Bichon frise care and grooming

Bichon Frise Care and Grooming

Bichon Frise are a very sociable dog from the time that they are puppies on through adulthood. Bichon Frises have an easy, happy disposition. A Bichon Frisé (French, literally meaning Curly lap dog; often spelled Bichon Frise in English) is a small breed of dog.

The Bichon Frise was developed in the Mediterranean area, when a Barbet (a large water spaniel breed) was crossed with small white lapdogs. The Bichon Frise of today has its lineage in the Bichon Tenerife breed line, which found its way to the Mediterranean area, onto the Canary Islands or rather, “the Island of Tenerife

. In the 1980s, the Bichon Frise was part of the “Yuppie Puppies” choice of the majority population, and everyone just HAD to have one. Bichon Frises make an excellent addition to the family. Bichon Frise are affectionate, cuddly and just plain happy to see people.

The disposition of the Bichon Frise is sweet, perky, bouncy, active, and very playful with sporadic bursts of energy that leads them into many unknown adventures–usually beyond the fenced in yard or when they get loose from the leash, even though they are considered to be gentle creatures. Bichon Frises can be hard to house train; crate training may be a successful technique. Bichon Frises can conform to apartment life fairly easily. Bichon Frise also are very intelligent and quick learners.

Bichon Frise, as with many sociable breeds, are not suited to being left alone all day. Bichon Frises have a life span of 12-13 years and have litters of 4-5 pups. An independent dog, the Bichon Frise bond well with adults and children and is also very highly intelligent, affectionate, charming, and self-assured. Serious dog lovers who own, or want to own a Bichon Frise would rather invest their valuable Internet time on a website that truly UNDERSTANDS this amazing breed.


Training must be gentle and firm, with no harsh corrections or scolding. Training the Bichon works well with food treats along with the leash and collar. A crate is usually the best method of training. The puppy should come to see his/her crate as his personal space so avoid using it as discipline for bad behavior to maximize house training potential.

Roughhousing is definitely out with this guy, and play training is in. This breed requires gentle and firm training, as they are so gentle and sensitive that any harsh training or negative corrections will have an opposite effect on the puppy or adult dog. But all trainers/owners will eventually need a collar and leash to begin the training-the many types available will depend on the person doing the training, as each one is a matter of personal preference and what the dog needs.
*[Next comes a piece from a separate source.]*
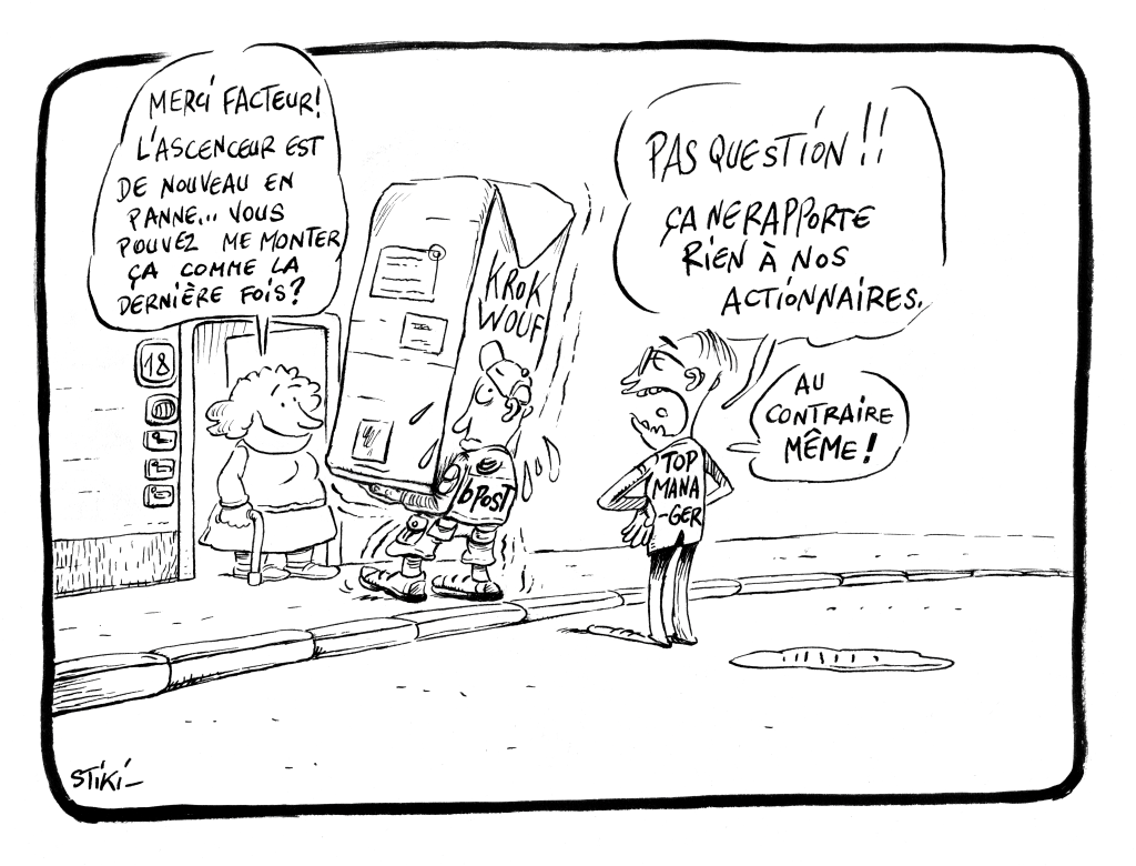 Pour délivrer un recommandé, nous disposons d’une minute trente ! Interdit d’attendre une seconde de plus après avoir sonné à la porte, au-delà on repart et la personne doit aller au bureau de poste le plus proche, c’est à dire souvent de plus en plus loin. Bien entendu, dans cette planification, personne n’a pensé à la dame qui a du mal à s’extirper de son fauteuil, doit parcourir tout le couloir avec une tribune, pour ensuite seulement ouvrir la porte… Nous y revenons donc, dans toutes les dimensions : une organisation au détriment de l’humain.

Some of the training collar tools that are acceptable for the Bichon training, as chain or nylon chokers will matt and tangle in their hair, are the buckle collars, leather-training collars, or even the reversed pinch collars. The head collar is becoming very popular as a training tool for most dogs in training classes. Positive reinforcement and gentle training are the choice training of the day, with kindness, persistence, and patience. As far as training is concerned, this breed often proves to be hard to housebreak, but likes to learn. The Bichon does not require aggressive training, and likes challenges. These dogs need training and exercise at the minimum one walk a day.


Grooming requirements are based on coat type and the size of the dog. Grooming is recommended on a daily basis to avoid matting. Professional grooming is recommended every 4 weeks. They are a non-shedding breed that requires daily grooming. They require regular grooming, which can be expensive and/or time-consuming.

Because Bichons are so susceptible to skin problems and allergies, good grooming practices are very important. Like all dogs that require frequent grooming, Bichons should be accustomed to grooming from a young age and care should be taken to keep grooming pleasurable. Anyone considering a Bichon should carefully weigh the amount of time available for grooming, for the coat needs lots of attention.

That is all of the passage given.